In our earlier section we saw that the when a conic section is formed using $0 \lt e \lt 1$ we get an ellipse. In general an ellipse can be viewed as an elongated circle, where the eccentricity $e$ is a measure of the elongation. When the elongation/eccentricity is $0$, the equation of an ellipse becomes a circle, while for $e = 1$, the elongation becomes infinite, that is the curve becomes open at the other end, giving us a parabola.

In other words, if you take any ellipse, and keeping one end fixed, if we are able to move the other end to infinity, that is the curve is unbounded on that side for all finite values, then we get a parabola with $e = 1$

Other than the concept of a double napped cone and a cutting plane, an ellipse can also be defined in two other ways using locus of a moving point on a plane.

- Ellipse is the locus of a point, the sum of whose distances from two fixed points are constant

- Ellipse is the locus of a point, whose distances from a fixed point and and a fixed straight line is in a constant ratio, less than $1$. This ratio is same as the eccentricity.

Derivation of the generic form of ellipse using the first definition.

We can derive the equation of the ellipse by choosing any two random points as focii, $F_1 = (x_1, y_1)$ and $F_2 = (x_2, y_2)$ on the Cartesian plane. This will give us the most generic form of equation for an ellipse.
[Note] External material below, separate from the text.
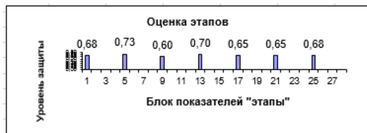
Рис. 7. Оценка качества выполнения этапов разработки и внедрения СЗИ

Анализ данной модели оценки рисков информационной безопасности показал, что модель, основанная на построении «Матрицы СУИБ», позволяет оценить важность и уязвимость ресурсов информационной системы. Преимуществом модели является полнота описания ИС, ее ресурсов и уязвимостей. Оценка рисков информационной безопасности позволяет выделить наиболее важные или уязвимые ресурсы, в результате чего, следует выбрать необходимые меры и средства по защите данных ресурсов. Также положительным является возможность оценки существующей системы защиты информации, и определение полноты мер и требований по обеспечению защиты информации.

But to arrive at the simplest form of equation, we can translate the axes so that the origin coincides with the  midpoint of the two focii, and then rotate the two axis such that the $x$-axis passes through the two focii.

In the new system, the two focii will become $F_1 = (-c, 0)$ and $F_2 = (c, 0)$. Let the distances of a point $P = (x, y)$ moving on the Cartesian plane from these two focii be $d_1$ and $d_2$, and $d_1 + d_2 = d$, where $d$ is constant for a given set of focii $F_1$ and $F_2$.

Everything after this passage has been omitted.